Complications during the procedure are unusual and most can be treated immediately. These include allergic reaction to X-ray dye requiring medication, aneurysm or bulge in a blood vessel, blood loss requiring a transfusion, and improper stent position requiring retrieval by catheter or surgery.

There is a small risk of blockage of the groin vessels used for catheterization, which ordinarily responds to medication. Although very rare, serious complications such as a tear in the aorta, requiring surgery or resulting in death, can occur. Complications after the procedure, such as breakage, movement or infection of the stent, are extremely rare.


After the procedure, your child will return to his or her hospital room with a large bandage on the groin that will be changed to a regular Band-Aid the next morning. Once fully awake — usually within two hours of the procedure — your child may drink clear liquids such as water or apple juice. If there are no problems with liquids, your child may then eat.

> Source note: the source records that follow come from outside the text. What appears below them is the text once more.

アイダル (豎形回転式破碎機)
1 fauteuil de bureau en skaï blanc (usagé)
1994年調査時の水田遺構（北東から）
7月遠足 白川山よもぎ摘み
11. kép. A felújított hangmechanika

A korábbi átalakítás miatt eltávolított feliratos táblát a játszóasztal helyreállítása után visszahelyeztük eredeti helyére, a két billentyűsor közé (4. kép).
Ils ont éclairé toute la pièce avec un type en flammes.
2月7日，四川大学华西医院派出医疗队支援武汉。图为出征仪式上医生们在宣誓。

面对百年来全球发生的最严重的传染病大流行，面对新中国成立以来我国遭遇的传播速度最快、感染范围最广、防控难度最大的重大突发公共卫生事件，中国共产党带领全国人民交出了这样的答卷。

If there are no complications, your child will go home the next morning after a chest X-ray and blood pressure measurements. Your child will take aspirin daily for three months after the procedure to mildly thin the blood and help with healing.

Your child may resume regular, non-strenuous activities the next day. After seven days, your child may resume strenuous athletic activity and may lift more than 15 pounds.

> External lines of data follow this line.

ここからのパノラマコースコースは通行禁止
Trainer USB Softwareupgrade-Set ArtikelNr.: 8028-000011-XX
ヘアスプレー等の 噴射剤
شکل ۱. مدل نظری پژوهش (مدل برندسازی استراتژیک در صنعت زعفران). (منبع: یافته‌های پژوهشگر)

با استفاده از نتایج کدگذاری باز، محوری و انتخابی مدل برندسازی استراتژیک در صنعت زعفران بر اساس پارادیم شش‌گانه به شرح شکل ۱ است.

Soreness and bruising of the skin at the groin site is common, and generally improves within three days. Keep the site dry and clean and change the Band-Aid daily. Showers or sponge baths are fine, but your child should not soak in a bathtub or swimming pool for one week. The skin punctures will heal in about five days.

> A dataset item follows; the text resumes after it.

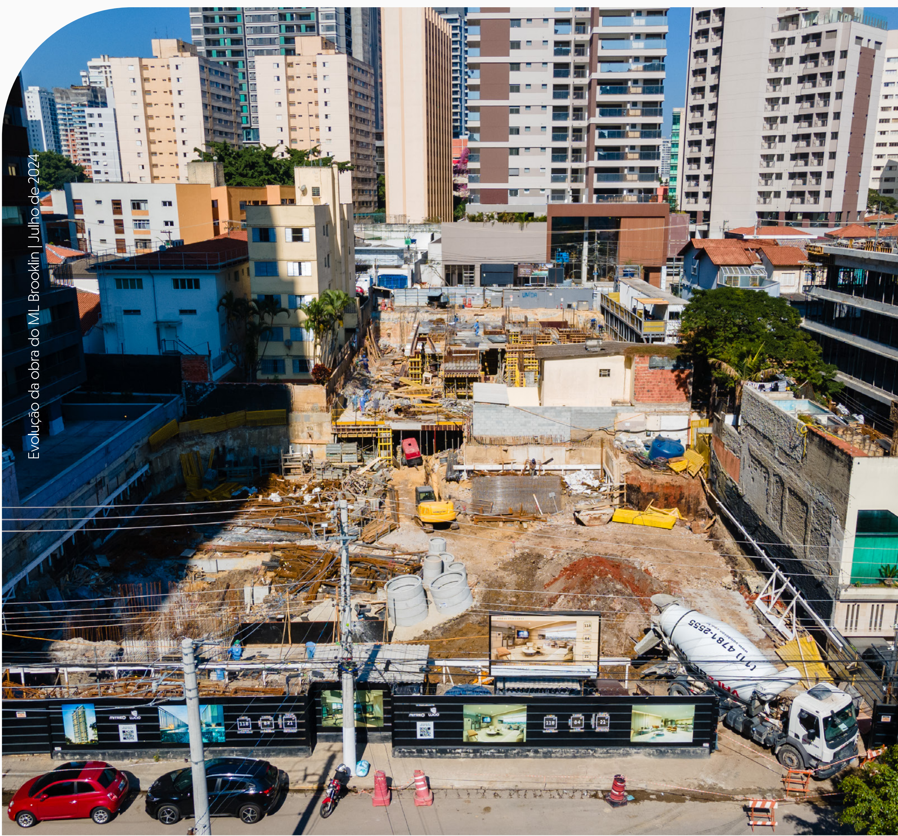
Evolução da obra do ML Brooklin | Julho de 2024

Bleeding from the groin site after leaving the hospital is very uncommon. If it does occur, apply firm, constant pressure to the site for at least five minutes. Call your child's cardiologist if any of the following occur: bleeding, redness of the skin, green/yellow discharge, or temperature greater than 101° F.

If possible, delay any non-emergency dental procedures until six months after the stent repair. If a dental procedure is necessary within six months of the implant, your child should be given antibiotics to prevent infection, taken 30 minutes before the procedure. After six months, this is no longer needed.

Follow-up Care

All patients with coarctation of the aorta require lifelong follow-up. After stent repair, you should maintain close contact with your child's regular cardiologist and interventional cardiologist. Your child's specific follow-up schedule will be personalized; however, the schedule below applies to most patients after the procedure.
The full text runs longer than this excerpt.